PDF is one of the most common file types held within a SharePoint document store and yet depending upon the version of SharePoint the “out of the box behaviour” may not be quite what users expect. Consequently PDF users felt that PDF files were very much “second class citizens” in versions of SharePoint prior to 2013.
PDF and SharePoint
In SharePoint versions prior to 2013 there was no PDF Icon and PDF documents would not be indexed for SharePoint search unless a separate iFilter was installed.
The PDF icon and indexing issue in SharePoint 2007/2010 could easily be addressed by following the instructions here whereas allowing PDF files to open in the browser can be fixed by following the instructions in this blog.
The good news is that PDF is finally recognized as a file type from SharePoint 2013 onwards and Microsoft added their own PDF Format Handler so that PDFs can be automatically indexed without requiring a third party iFilter. Another piece of good news is that it is now straighforward to enable PDF document previews in search results.
In addition, the situation regarding viewing PDF files from within Microsoft SharePoint has some issues as is well explained in this article.
However, one downside of SharePoint 2013 is that third party iFilters are no longer supported for use via SharePoint Search and this means that a number of aspects of PDF content can no longer be searched on as shown below:
Since the release of Service Pack 1 in July 2014 it is now possible to install and configure third party iFilters in SharePoint 2013.
One common issue is that many PDF files are either totally or partially image files having originated from scanned documents or faxes.
A searchable PDF has text that can be selected and searched.
Conversely an image PDF consist of images only. If you try to select text on a page, you won’t be able to. Instead the whole image in the page is selected.
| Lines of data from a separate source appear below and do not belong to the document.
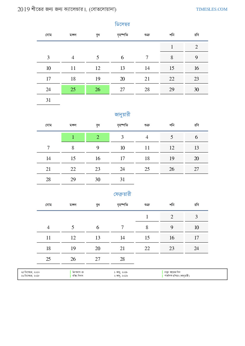 বতসোয়ানা জন্য 2019 সালের শীতের জন্য ছুটি এবং সাপ্তাহিক ছুটির সাথে পিডিএফ ক্যালেন্ডার ডাউনলোড এবং মুদ্রণ করুন
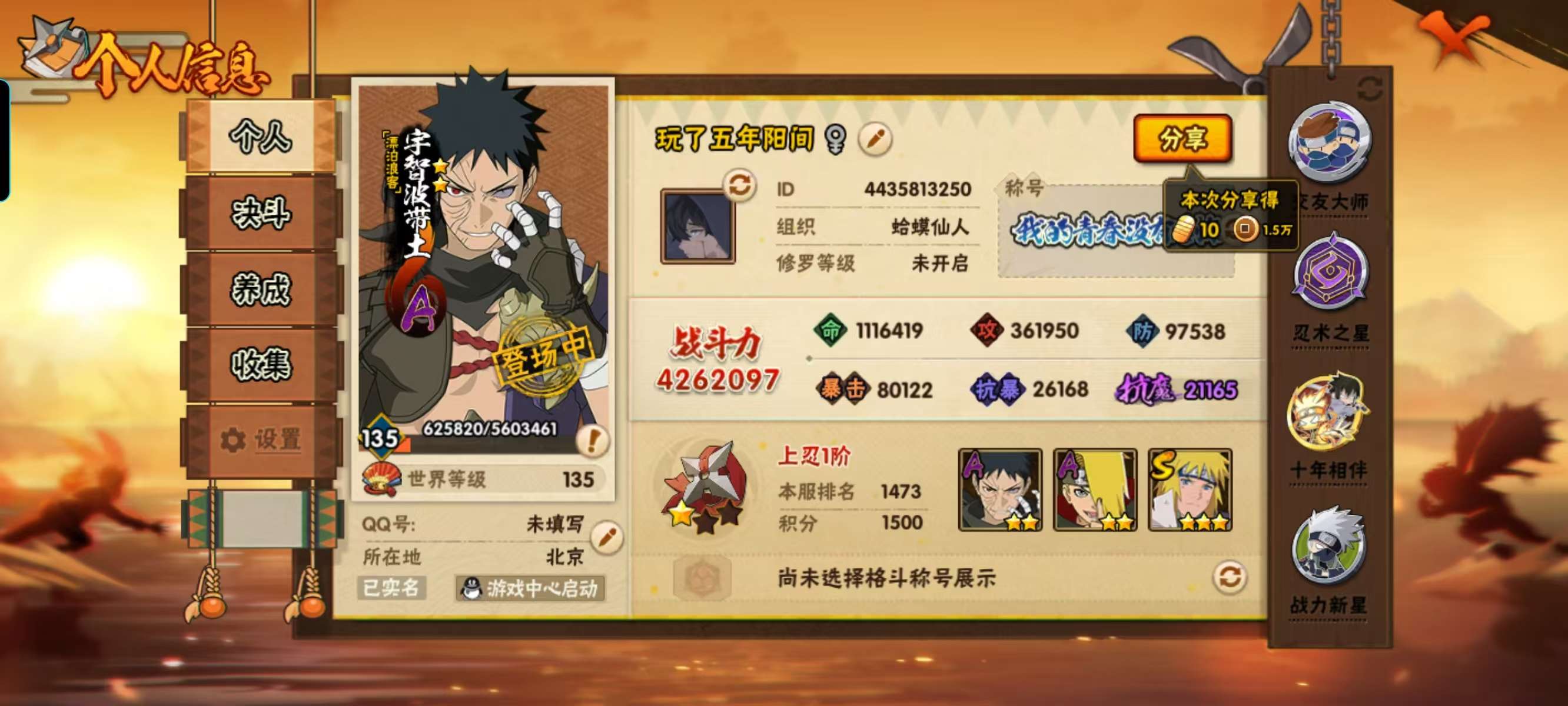 PX_2434029-,秽土解斑】【S忍者8,A忍者24,通灵14】【安卓Q-3581区-135级-V6-426万战力-105忍者】【S级】佩恩「天道」,旗木卡卡西「须佐能乎」,自来也「舞之豪杰」,宇智波鼬「须佐能乎」,宇智波斑「秽土转生·解」,波风水门,猿飞日斩「秽土转生」,漩涡鸣人·宇智波佐助【A级】不动,蝎,迈特凯「青春爆炸」,宇智波泉奈,蝎「绯流琥」,迪达拉,猿飞阿斯玛,药师兜「半
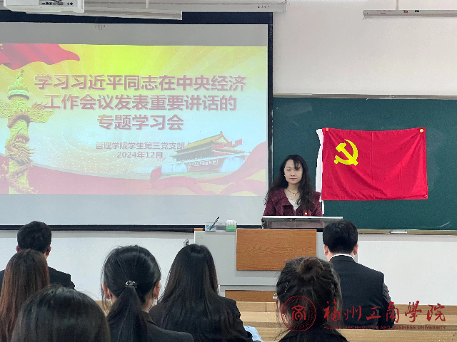 会议伊始,支部书记谭音子强调了学习中央经济工作会议精神的重要性,指出其对于学院教育教学工作以及学生未来职业发展的指导意义。随后,带领与会人员认真学习了习近平总书记在中央经济工作会议上的重要讲话精神,全面了解2024年经济工作的总结、当前经济形势的分析以及2025年经济工作的系统部署。
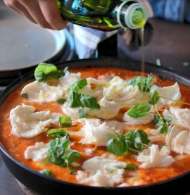 Kycklingfrikadeller i tomatsås med tagliatelle och burrata
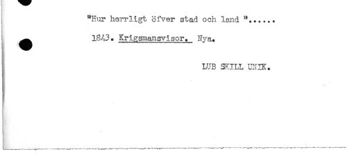 //// } "Hur herr ligt öfver stad och land //// ' ^^ 1843. Krigsmansvisor. Nya. //// Kt //// LUB SKILL UNIK. ////
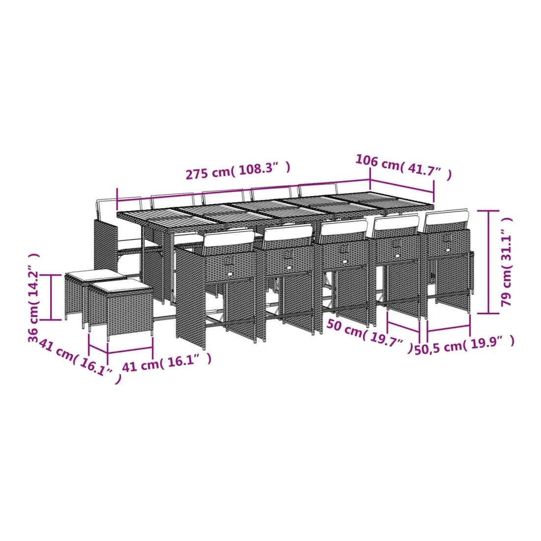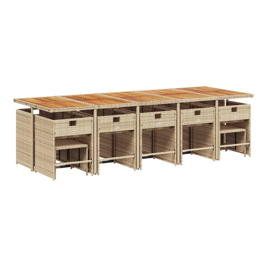 Cet ensemble de salle à manger de jardin est un excellent choix pour les repas en plein air ou pour vous détendre dans le jardin, dans l'arrière-cour ou sur la terrasse. Matériau durable : la résine tressée, également connue sous le nom de poly rotin, est un matériau synthétique solide et nécessitant peu d'entretien qui ressemble au rotin naturel. Il est léger, facile à nettoyer et couramment utilisé pour les meubles d'extérieur en raison de sa durabilité et de ses propriétés de résistance aux intempéries.Rangement compact : ces chaises sont dotées d'un dossier rabattable, ce qui permet de les ranger facilement sous la table. Une fois pliées, elles se rangent parfaitement sous la table, formant un cube peu encombrant. De plus, les tabourets peuvent également être rangés sous les chaises, maximisant encore davantage l'efficacité de l'espace.Expérience d'assise confortable : ce mobilier d'extérieur, doté de coussins épais, offre une expérience d'assise confortable.Housse amovible et lavable : ces coussins de siège sont dotés de housses amovibles pour un lavage et un entretien faciles. Les housses de coussin de chaise ont un rabat à l'arrière pour une fixation facile aux chaises.Dessus stable et facile à nettoyer : cette table de jardin a un dessus en bois d'acacia robuste, durable et facile à nettoyer avec un chiffon humide. Bon à savoir : Pour que vos meubles d'extérieur restent beaux, nous vous recommandons de les protéger avec une housse imperméable.
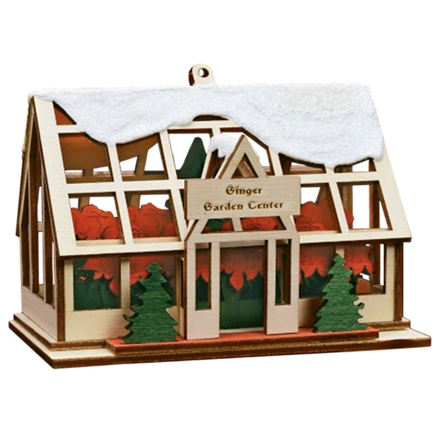 Ginger Garden Center has a small hole on its underside designed to borrow a standard bulb from your Christmas tree to light up the cottage. Upon lighting your cottage, you will immediately discover the first of many secrets, the beautifully crafted scene inside. The gingerbread men hid all the supplies; can you find the spade, watering can and garden gloves?
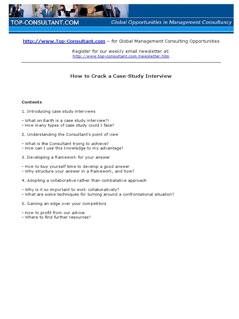 Contents 1. Introducing case study interviews - What on Earth is a case study interview?! - How many types of case study could I face? 2. Understanding the Consultant's point of view - What is the Consultant trying to achieve? - How can I use this knowledge to my advantage? 3. Developing a framework for your answer - How to buy yourself time to develop a good answer - Why structure your answer in a framework, and how? 4. Adopting a collaborative rather than combatative approach - Why is it so important to work collaboratively? - What are some techniques for turning around a confrontational situation? 5. Gaining an edge over your competitors - How to profit from our advice - Where to find further resources?
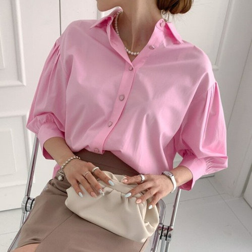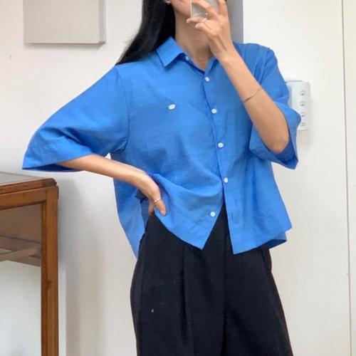 [옷자락]여자 무지컬러 레이온 옆트임 세미크롭 셔츠 남방
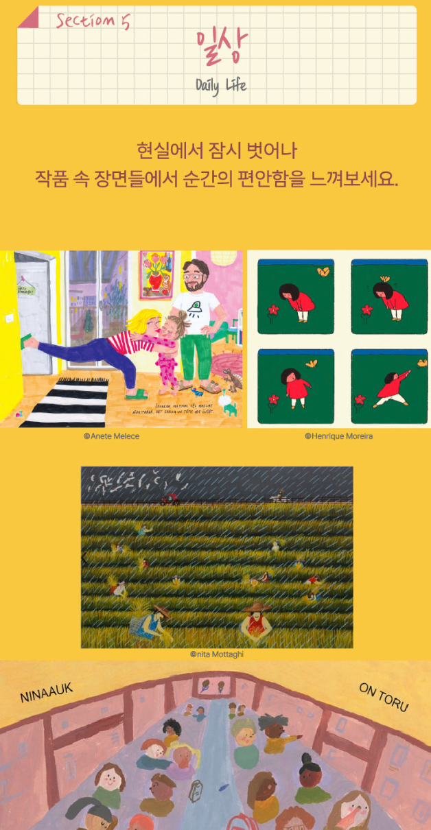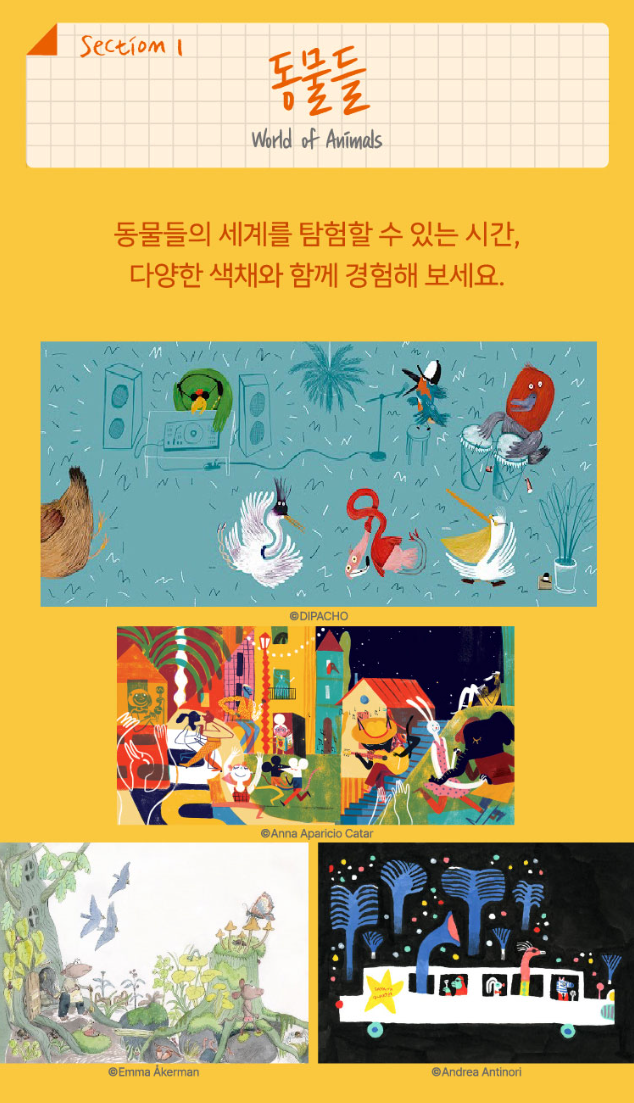 책 속으로 들어가는 듯한 전시공간이며 볼로냐 한국전시 최초로 선보이는 일러스트레이터의 벽 최신 일러스트 트렌드를 만나볼 수 있는 전시이며 올해 일러스트 80명의 400점의 넘는 작품들이 준비되어 있다고 합니다.
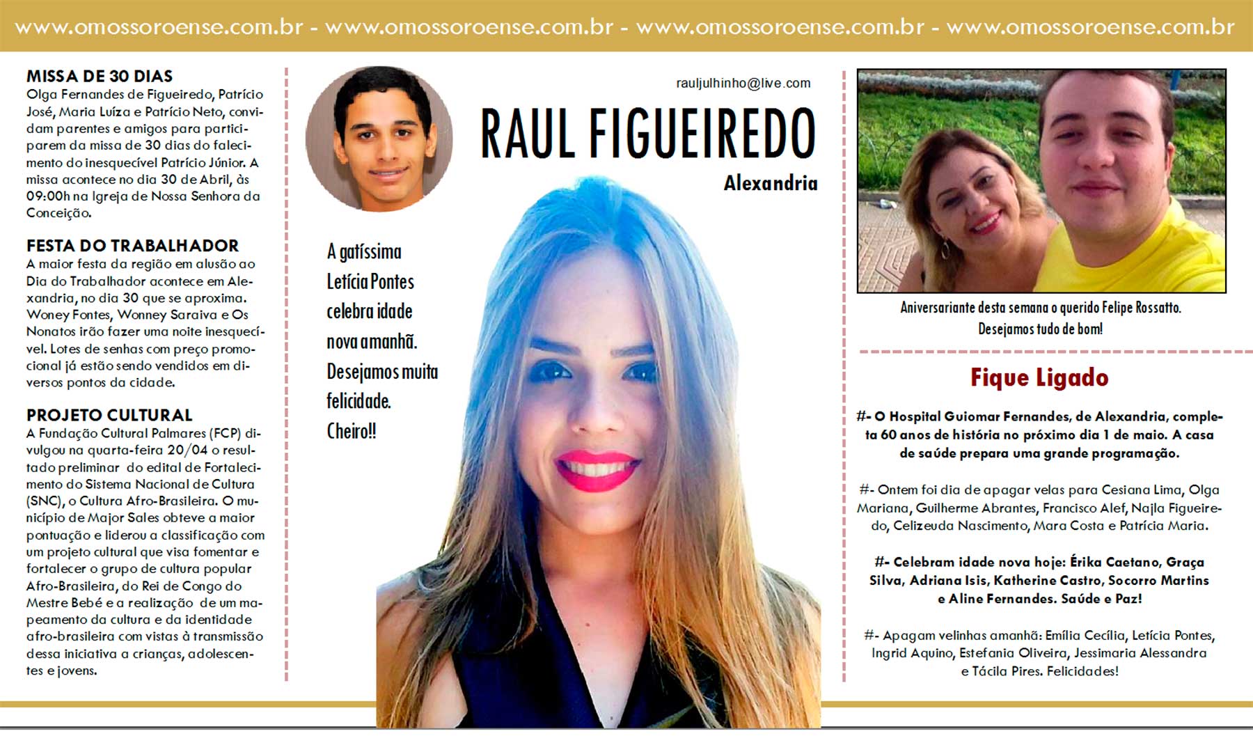 A maior festa da região em alusão ao Dia do Trabalhador acontece em Alexandria, no dia 30 que se aproxima. Woney Fontes, Wonney Saraiva e Os Nonatos irão fazer uma noite inesquecível. Lotes de senhas com preço promocional já estão sendo vendidos em diversos pontos da cidade.
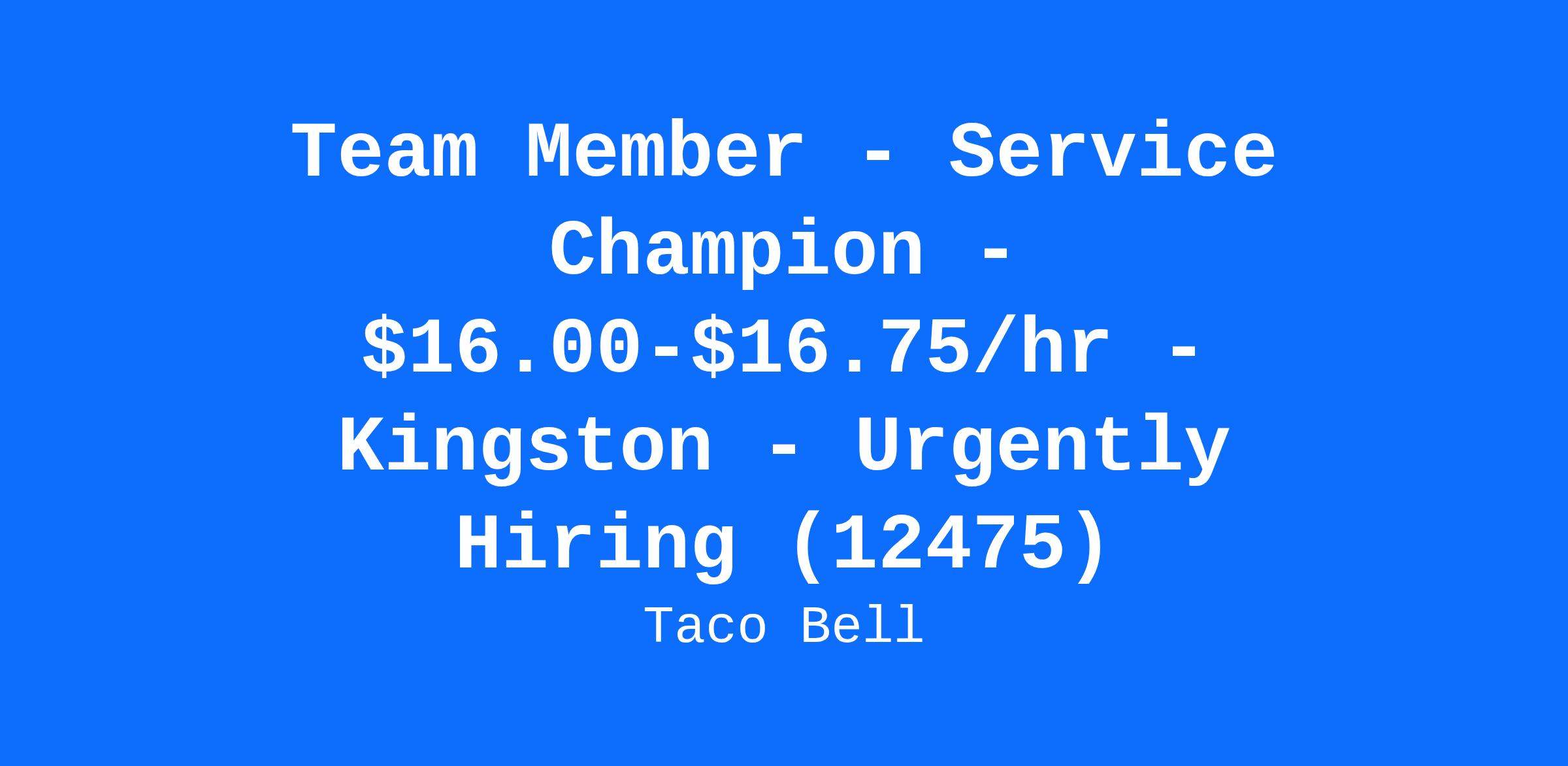 Team Member - Service Champion - $16.00-$16.75/hr - Kingston - Urgently Hiring (12475)
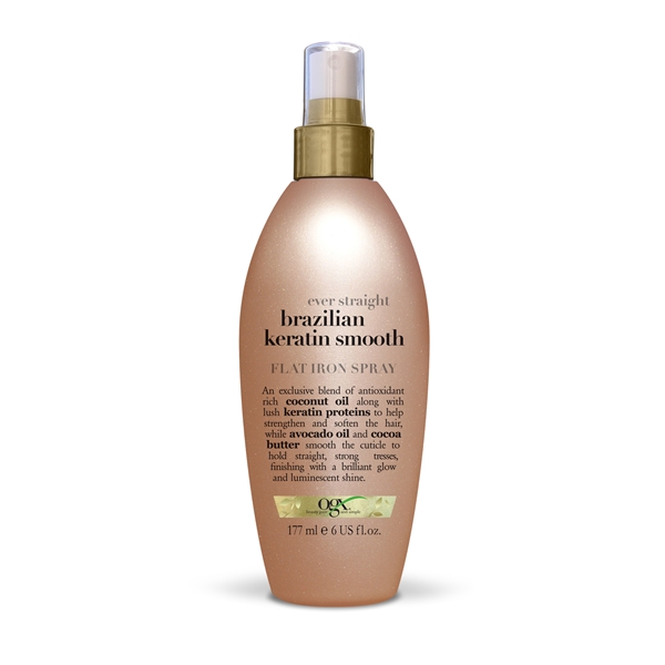 Brazilian Keratin Flat Iron Spray fra OGX er en varmebeskyttende spray med naturens beste beskyttelse: fyldig brasiliansk kokosolje med fuktighetsgivende keratin.
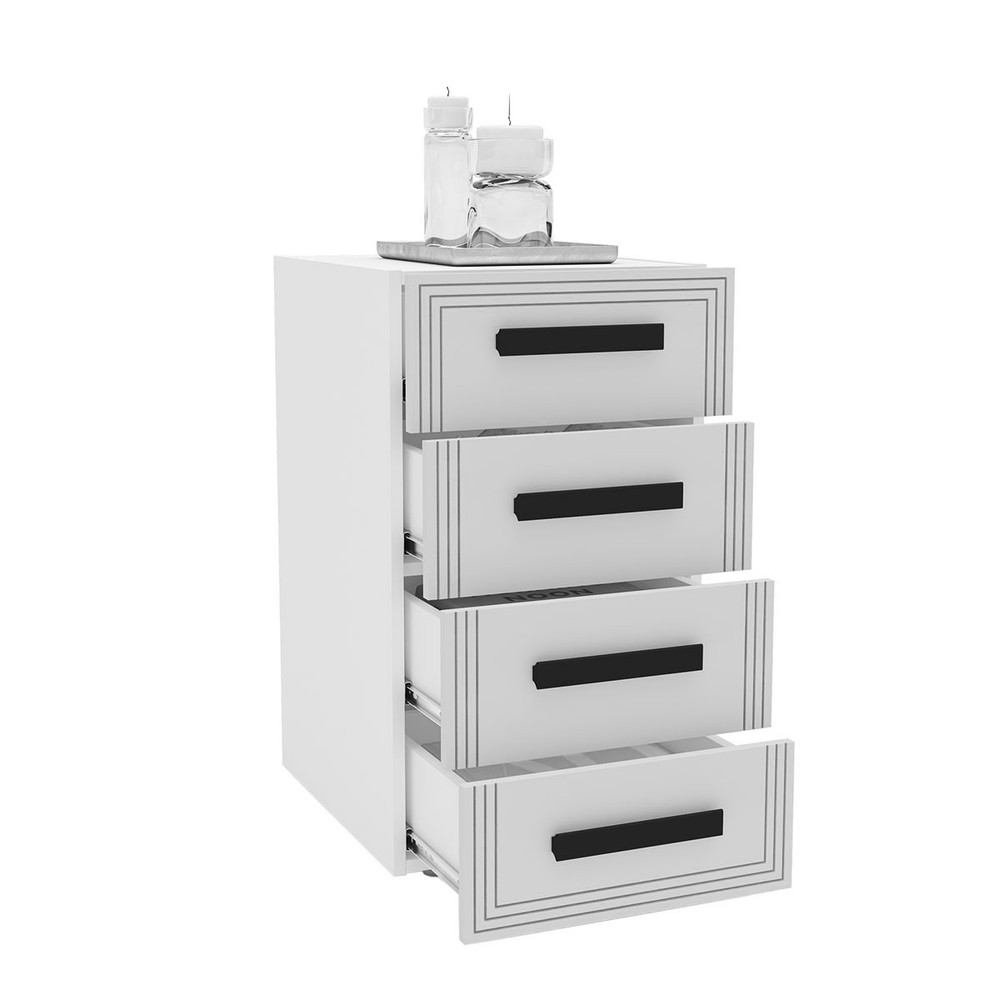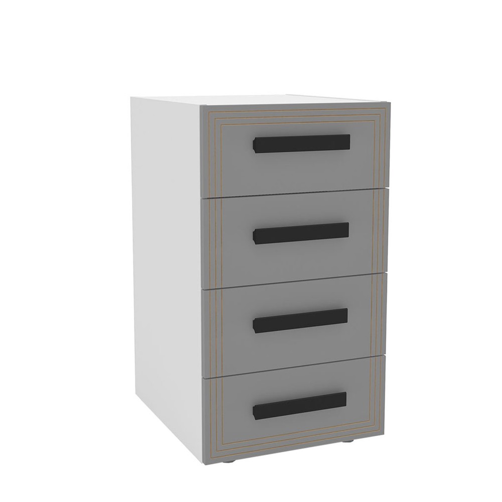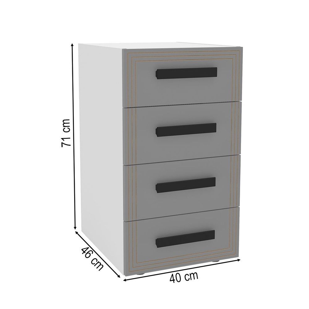 O(a) Gaveteiro Valência 4 Gavetas Cinza/Branco - Politorno é produzido em MDP na escala de brilho Semi-Fosco, e possui um grau de dificuldade de montagem: Médio.

Likewise, if you try to search a particuar text on the document, it won’t return any results.
These documents are considered “dead content” because their contents are essentially images and, as a result, cannot be searched or indexed.
Many organizations have tens of thousands (if not hundreds of thousands) of these documents in their SharePoint libraries. They add no value as they are invisible to the SharePoint search engine because the SharePoint crawler cannot index them. Without manually opening theses PDFs one by one and reading them, it is virtually impossible to find which documents contain which particular information. Consequently, these documents are costing storage space without adding any value to the organizations.
To make these documents discoverable again, they need to be transformed into a format that can be searched and indexed by the SharePoint crawler. This is where Aquaforest Searchlight comes in. Aquaforest Searchlight is able to audit SharePoint document stores, identify image-only PDFs and turn them into searchable PDFs using Optical Character Recognition (OCR), thus allowing the SharePoint crawler to index them.
In addition to identifying Image-only PDFs, Aquaforest Searchlight can also identify Partially Searchable, Fully Searchable, TIFFs and Error (due to file corruption) documents.
To see how Aquaforest Searchlight works, check this video demo.
Another tool that can identify image-only PDF documents is Aquaforest CheckPoint. However, this tool does not provide OCR capabilities.